Vector Search with relational filter
Given this schema, how do I only retrieve embeddings for notes that belong to this particular user?
Do I need to put the
userId
into the embedding table as well?
10 Replies
Thanks for posting in <#1088161997662724167>.
Reminder: If you have a Convex Pro account, use the Convex Dashboard to file support tickets.
- Provide context: What are you trying to achieve, what is the end-user interaction, what are you seeing? (full error message, command output, etc.)
- Use search.convex.dev to search Docs, Stack, and Discord all at once.
- Additionally, you can post your questions in the Convex Community's <#1228095053885476985> channel to receive a response from AI.
- Avoid tagging staff unless specifically instructed.
Thank you!
Embeddings tables are usually mapped over by the parent table, eg., you get the user's notes and map over embeddings for the notes. But if you don't want the notes and just the embeddings in a query, adding the userId to the embeddings table is the best way.
But I'd generally recommend treating an embeddings table as an extension of the data it represents. The point of having a separate embeddings table is to allow the non-embedding data to be pulled down without the embeddings for bandwidth efficiency.
How would I change my schema to do that? Considering that I split notes into text chunks before embedding them, so there is a 1-to-many relationship.
Ah you’re just searching, I don’t know why I thought you were querying embeddings directly apart from search. At any rate, yeah you’ll want to add the user id to the embedding and filter on that in your search query.
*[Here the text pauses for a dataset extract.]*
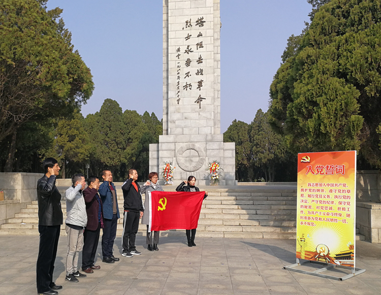 全体党员在塔山纪念馆前合影

So the userId has to be in both the note and the note embedding?
i.e.
That kind of duplication feels a bit ugly compared to relational databases
as convex is a relational database (and just runs on top of one), would you be willing to show the postgres or equivalent schema you'd use on those system? it would help me understand what you're not getting with convex right now
With Prisma, I would do something like this:
Not sure what SQL query this translates to. But the
userId
is only stored in the note and not in the embeddings.
@jamwt Can you help me with this? I'm preparing a tutorial for YouTube but I'm stuck here
What I need is a relation queryAdding userId to both tables is how you do a relation query here. It seems clunky but that's just because Convex api's are low level. Prisma is doing something very similar under the hood, and providing
findMany
through their orm.
Honestly this is probably a good chance to point this low-level aspect to users in your video, it comes up in a number of places. Convex isn't an orm, but an orm could be built on top of it. Ents (in maintenance mode) is a good example of this: https://labs.convex.dev/convex-ents
This "low level" concept is mentioned explicitly in the Architecture section of Zen of Convex: https://docs.convex.dev/understanding/zenThank you for the clarification! That's a good idea to mention it!
I'm fine with the double userId, I just wanted to make sure I'm not missing anything
It's a bit disorienting for sure. But yeah, a little denormalization can go a long way with Convex.